On the small island of Goree, near Cape Verde, the French naturalist, Adanson, lived in a straw hut, which, though quite new at the time he took up his residence in it, became transparent in many places before the month was out. This might have been endured, but the villanous termites ravaged his trunk, destroyed his books, penetrated into his bed, and at last attacked the naturalist himself. Neither sweet nor salt water, neither vinegar nor corrosive liquids, were able to drive them away, and so Adanson thought it best to abandon the premises, and to look out for another lodging.
The ravages of the termites are, however, perhaps more than compensated by their services in removing decayed vegetable substances from the face of the earth, and thus contributing to the purity of the air and the beauty of the landscape. If the forests of the tropical world, where thousands of gigantic trees succumb to the slow ravages of time, or are suddenly prostrated by the hurricane, still appear in all the verdure of perpetual youth, it is chiefly to the unremitting labours of the termites that they are indebted for their freshness.

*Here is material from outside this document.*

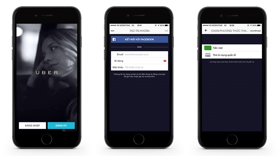 Giờ Uber đã được chính thức cho phép hoạt động tai Việt nam. Để thanh toán cho Uber có hai phương thức ( tiền mặt và thẻ quốc tế Visa/ Mastercard)

Though belonging to a different order of the insect world, the economy of the termites is very similar to that of the real ants. They also form communities, divided into distinct orders; labourers (larvæ), soldiers (neuters), perfect insects—and they also erect buildings, but of a far more astonishing structure. Several of their species (T. atrox, bellicosus Smeathman) erect high dome-like edifices, rising from the plain, so that at first sight they might be mistaken for the hamlets of the negroes; others (T. destructor arborum) build on trees, often at a considerable height above the ground. These sylvan abodes are frequently the size of a hogshead, and are more generally found in the New World.